After syncing, rebuild and reinstall the app:
./gradlew :sample:composeApp:assembleDebug
adb install -r sample/composeApp/build/outputs/apk/debug/composeApp-debug.apk
If install fails with INSTALL_FAILED_UPDATE_INCOMPATIBLE (signature
mismatch), the on-device app was signed by a different debug key. Run
adb uninstall com.nate.posedetection.androidApp first; this wipes any
data the app stored locally.
tools/run_auto_experiment.sh — fully unattended orchestration#
Drives one experiment run end-to-end with no human at the phone. The
orchestrator launches the sample app via am start with intent extras that
tell the in-app auto-driver to select a model, wait until a wall-clock
target, run the experiment buffer for a fixed duration, write the JSON,
and finish the activity. The Mac side races to the same wall-clock target
and plays the video in QuickTime at the configured offset.
tools/run_auto_experiment.sh \
--video ~/Downloads/clip.mp4 \
--duration 10 \
--model-tag yolo11n_su_416 \
[--start-offset 10] \
[--device <serial>]
Flow:
- Snapshots existing experiment-log files on the device for the diff-pull.
- Pre-opens the video in QuickTime, positions the cursor at
--start-offsetseconds, and pauses.
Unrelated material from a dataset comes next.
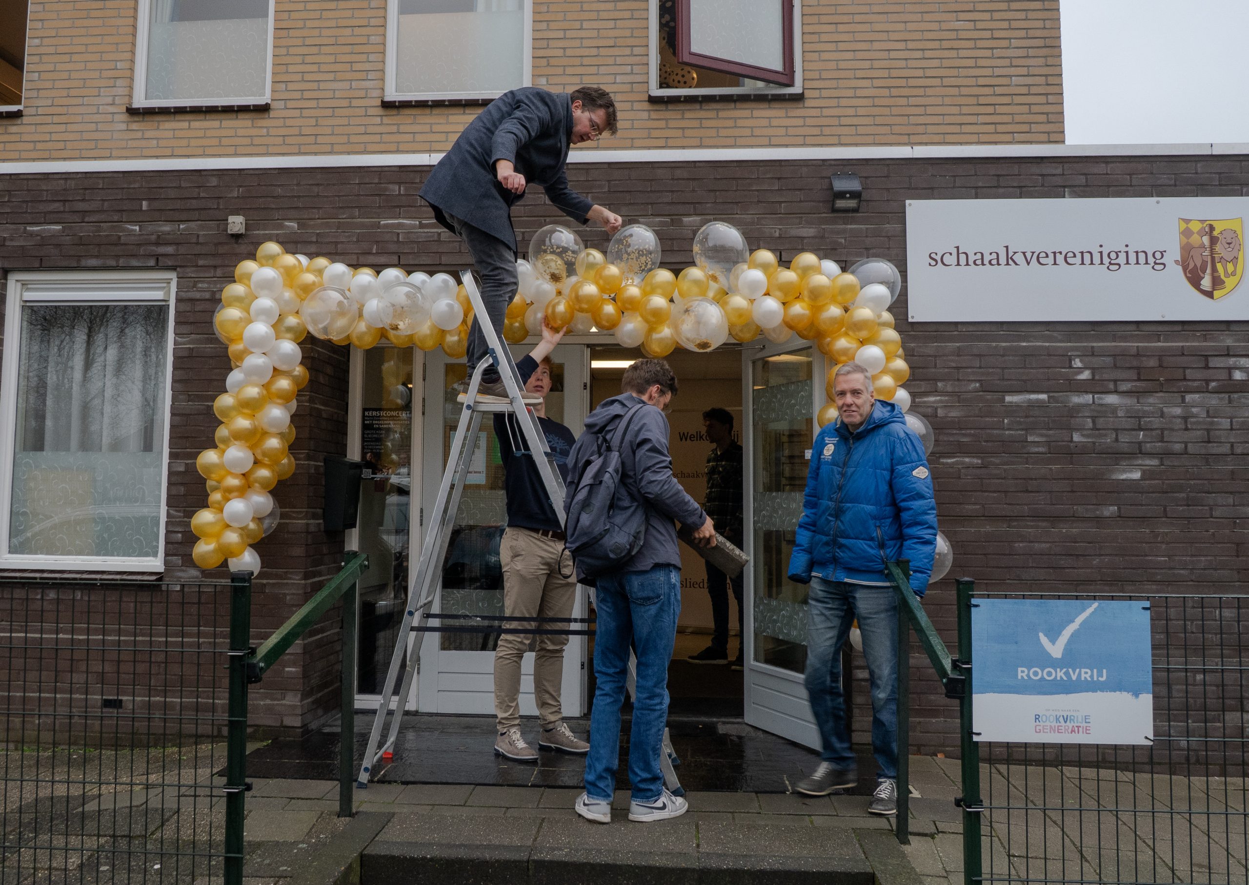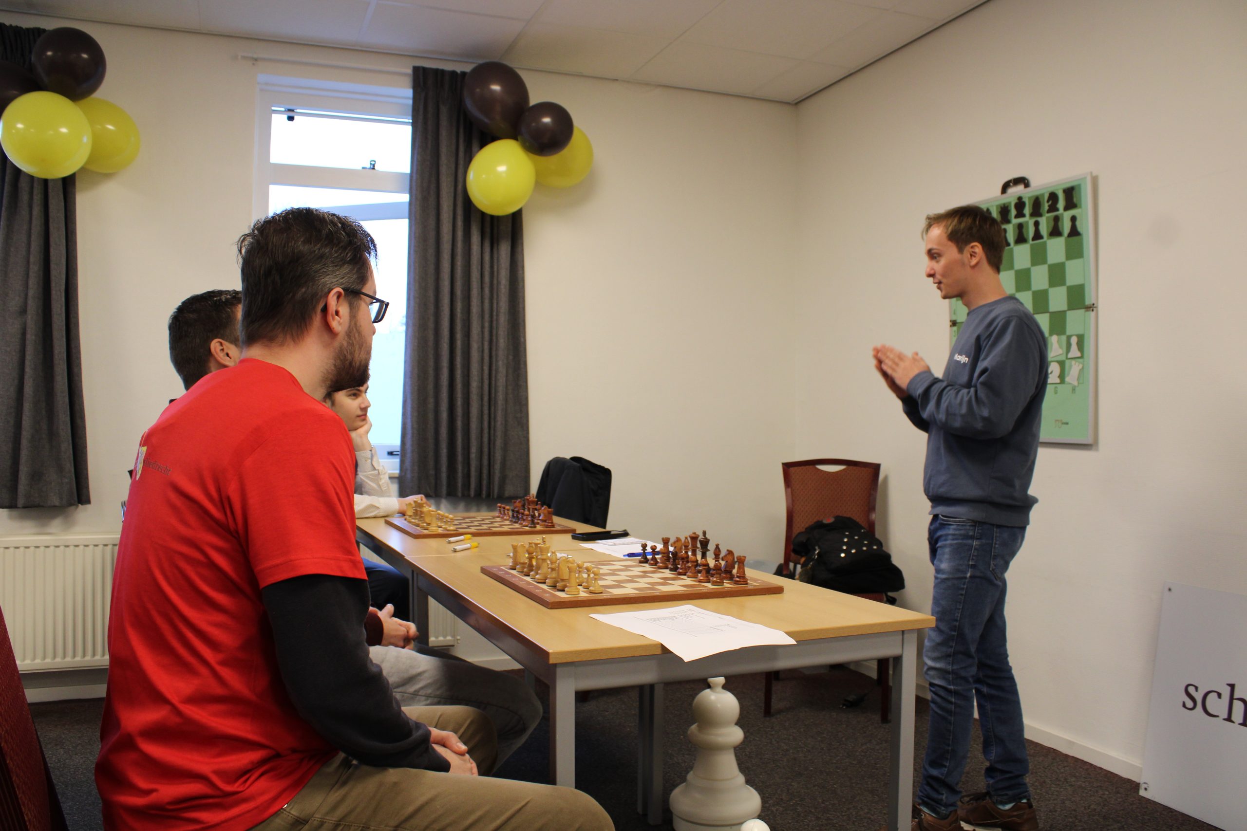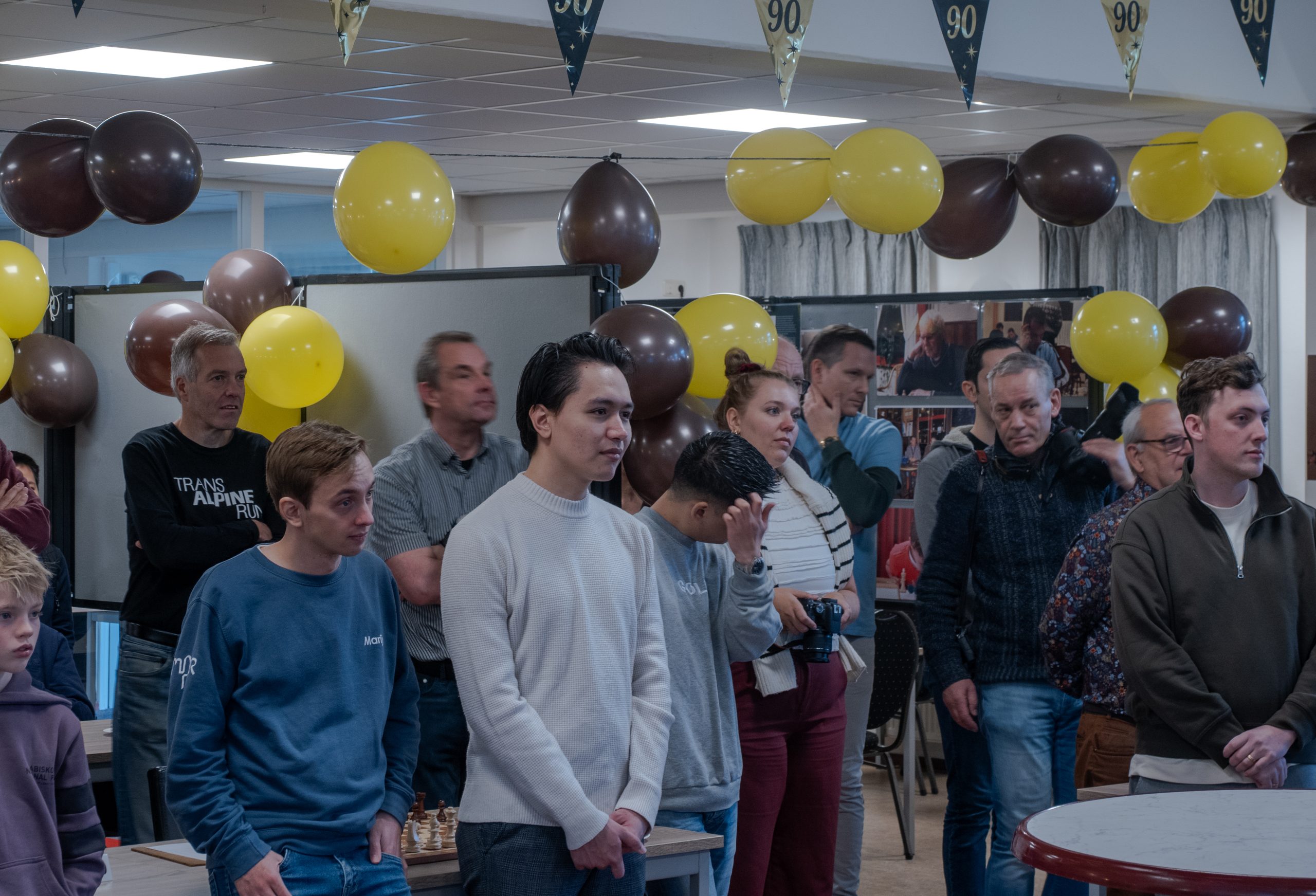 SLIEDRECHT – Afgelopen zaterdag 15 november heeft Schaakvereniging Sliedrecht groots gevierd dat het 90 jaar bestaat. ’s Middags traden grootmeester Dimitri Reinderman en Internationaal Meester Hing Ting Lai gelijktijdig aan tegen meerdere tegenstanders. Ook konden deelnemers schaakproblemen oplossen bij schaaktrainer Marijn den Hartog. ’s Avonds kwam na een ludieke presentatie het tweede jubileumboek van de vereniging uit. In totaal deden meer dan 125 deelnemers me aan het schaakfeest.

This step is wrapped in a 600 s AppleEvent timeout so very large 4K files don't blow up. The slow indexing happens here, before any wall-clock timing matters. - Force-stops the sample app and clears Logcat.
- Computes
start_at_wall_ms = now + 9 s(configurable via theAPP_BOOT_PAD_SECONDSenv var). LaunchesAppActivityviaam startwith--ez experiment_auto true --es model_name <X> --el start_at_wall_ms <Y> --el duration_ms <Z>. - Sleeps locally until
start_at_wall_ms, then issuesosascript ... play front document(sub-second since the file is already loaded).t0_wall_msis captured immediately before the play. - Sleeps
--durationseconds, then pauses QuickTime. - Diff-polls
/sdcard/.../experiment_logsfor the new JSON file (15 s timeout) and pulls it intoexperiments/<run-id>/. - Captures the
ExperimentAutoLogcat excerpt and writesexperiments/<run-id>/manifest.jsonwitht0_wall_ms,start_at_wall_ms, model tag, video offset, device label, and the captured log lines.
The Compose auto-driver inside CameraSample reads
LocalExperimentAutoSpec, finds the model whose display name (or
underscore-equivalent) matches model_name case-insensitively, waits for
customObjectFlow.drop(1).first() (the pipeline's first real emission,
bounded by an 8 s timeout), waits until start_at_wall_ms, runs the
buffer for duration_ms, writes the JSON via the same ExperimentLogger
the manual button uses, logs the saved path, and finishes the activity.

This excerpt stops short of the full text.